Let $I \neq \emptyset, (X_i \neq \emptyset, \mathcal{T}_i)_{i \in I}$ be a family topological spaces.. Choose (using AC) an element $(x_i)_{i \in I} \in \prod_{i \in I} X_i \neq \emptyset$
Define for a fixed $k \in I$ the function $f_k: X_k \to X_k: z \mapsto z$ and for $i \in I \setminus\{k\}$ the function $f_i: X_k \to X_i: z \mapsto x_i$
I'm following a proof, and I don't understand a step. The step will be solved once I can prove that
$$\prod_{i \in I} f_i: (X_k,\mathcal{T}_k) \to \left(\prod_{i \in I}X_i, \prod_{i \in I}\mathcal{T}_i\right): y \mapsto (f_i(y))_{i \in I} $$
is continuous (but it is possible that this is wrong).
Since $\{\operatorname{pr}_i(B_i) \mid i \in I, B_i \in \mathcal{T}_i\}$ is a subbasis for the product topology, it suffices to show that $$\left(\prod_{i \in I}f_i \right)^{-1}(B_i) \in \mathcal{T_k}$$ for $B_i \in\mathcal{T_i}$, but I failed to prove this.
Is the statement true?
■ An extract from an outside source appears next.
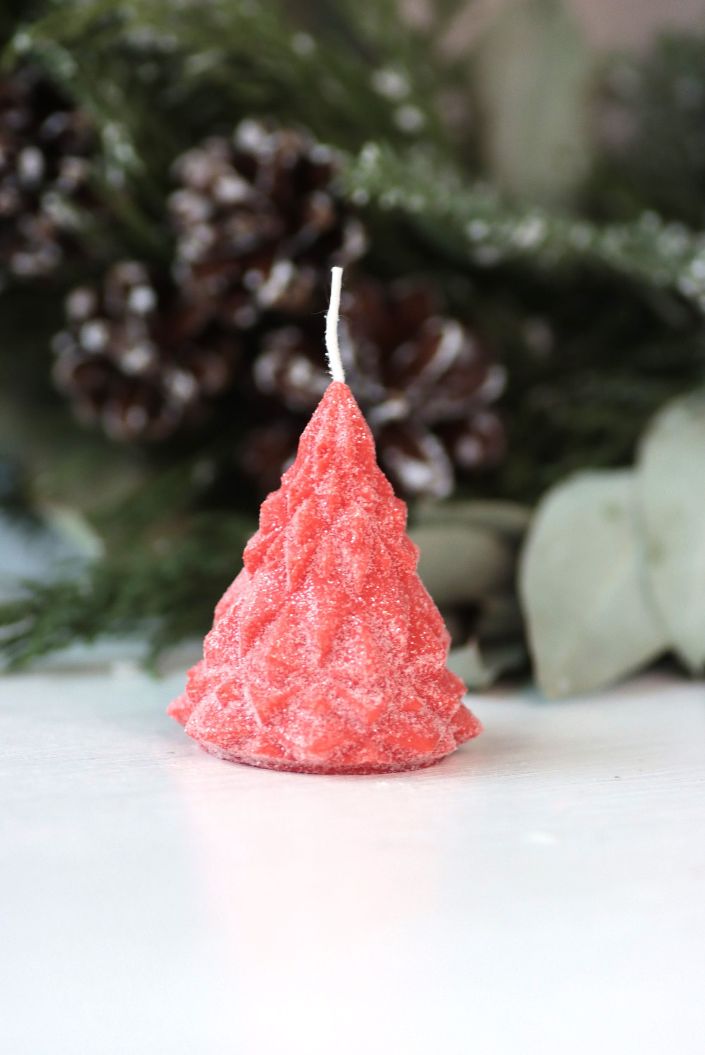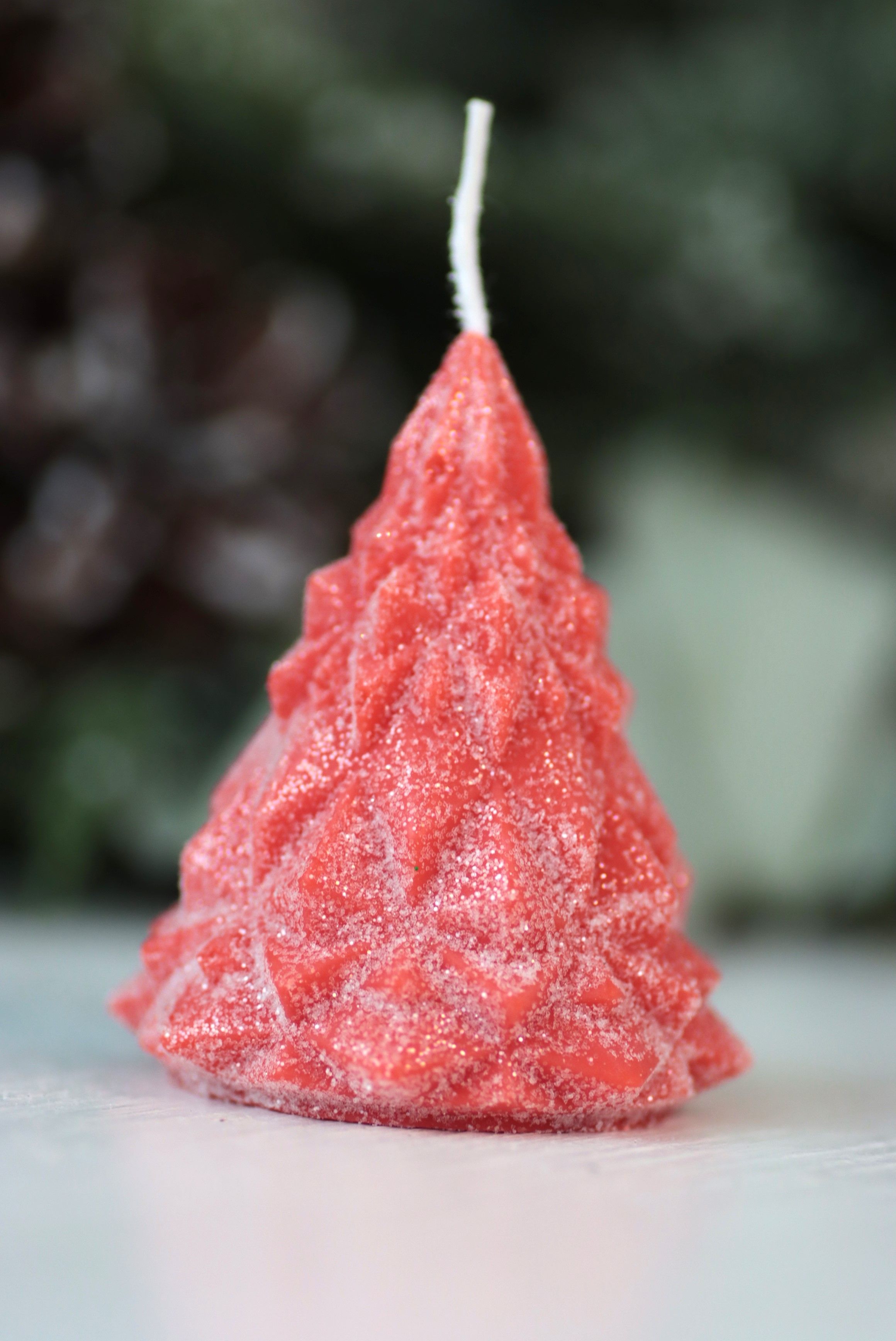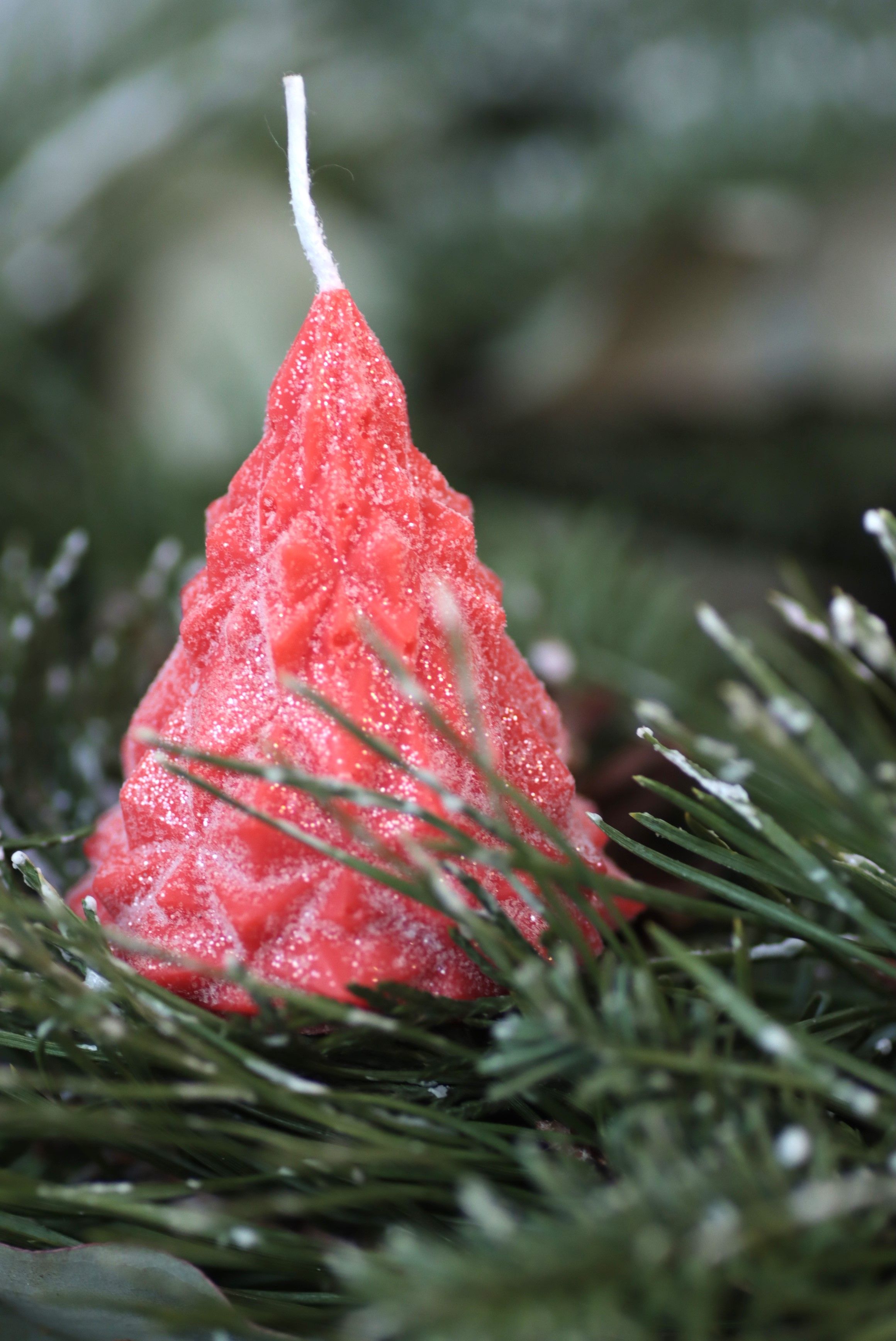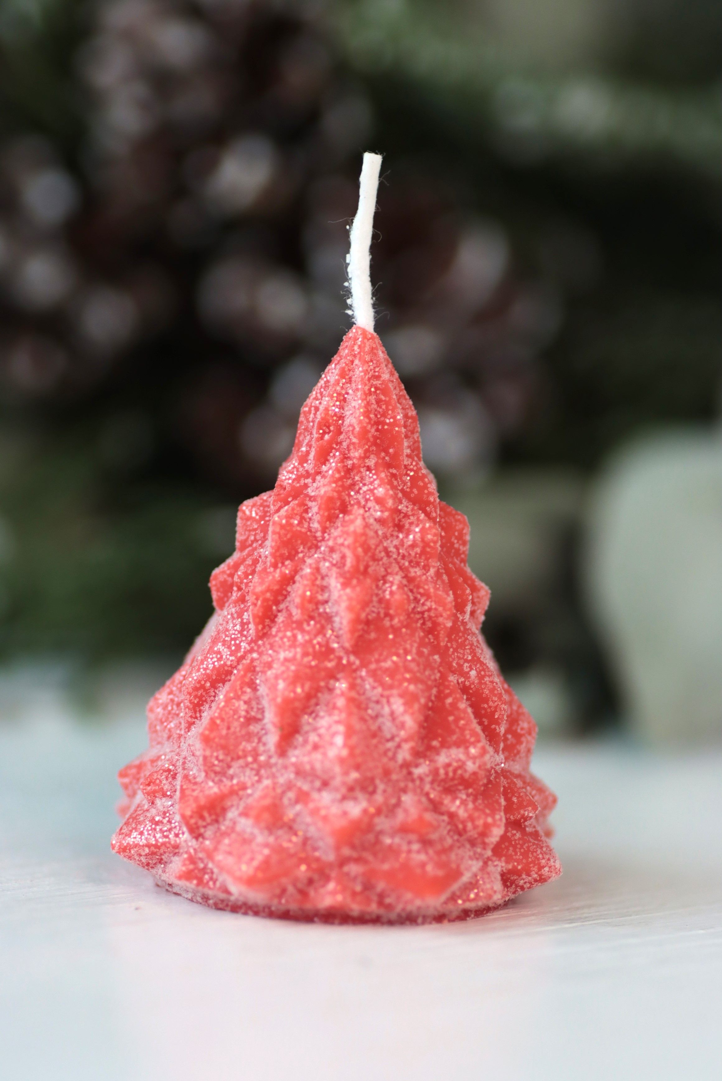 Свеча "Ёлка хрусталь" Алый с блёстками

And if so, why?
Let $\pi_j:\prod X_i\to X_j$ be the canonical projection. By the universal property of the product topology your $\prod f_i$ function is continuous if and only if $\pi_j\circ \prod f_i$ is continuous for each $j$.
But note that $\pi_j\circ \prod f_i=f_j$ is obviously continuous.